After a quick check, we can see that `sed` is huge compared to the other variables. If we simply rescale it, using the `I()` function within the model formula, we can rescale it by 1,000. Here, that is all it needed to converge.

```{r, message=FALSE, warning=FALSE}
library(lme4)
fit_gme <- glmer(dep2 ~ asthma + famsize + I(sed/1000) + race + (1 | cluster),
                 data = df2,
                 family = "binomial")
summary(fit_gme)
```


## Apply It {-}

[This link](https://tysonbarrett.com/DataR/Chapter4.zip) contains a folder complete with an Rstudio project file, an RMarkdown file, and a few data files. Download it and unzip it to do the following steps.


### Step 1 {-}

Open the `Chapter4.Rproj` file. This will open up RStudio for you.

### Step 2 {-}

Once RStudio has started, in the panel on the lower-right, there is a `Files` tab. Click on that to see the project folder. You should see the data files and the `Chapter4.Rmd` file. Click on the `Chapter4.Rmd` file to open it. In this file, import the data and run each type of statistical analysis presented in this chapter (there are others that are presented in Chapters 4 and 5 that you may have done already and methods from Chapter 7 that you have not done yet).

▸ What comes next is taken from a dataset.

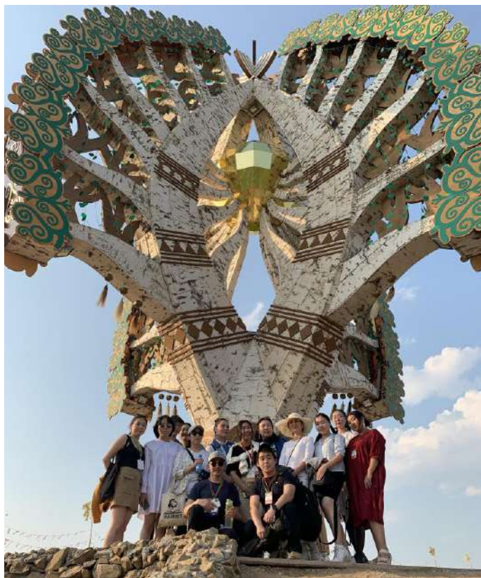
Работа в фольклорных конкурсах

Once that code is in the file, click the `knit` button. This will create an HTML file with the code and output knitted together into one nice document. This can be read into any browser and can be used to show your work in a clean document.


## Conclusions {-}

This has been a really brief introduction into a thriving, large field of statistical analyses. These are the general methods for using `R` to analyze multilevel data. Our next chapter will discuss more modeling techniques in `R`, including mediation, mixture, and structural equation modeling.


[^longform]: We discuss what this means in much more depth and demonstrate reshaping of data in Chapter 8. It is an important tool to understand if you are working with data in various forms. Although many reshape their data by copying-and-pasting in a spreadsheet, what we present in Chapter 8 is much more efficient, cleaner, less error-prone, and replicatable.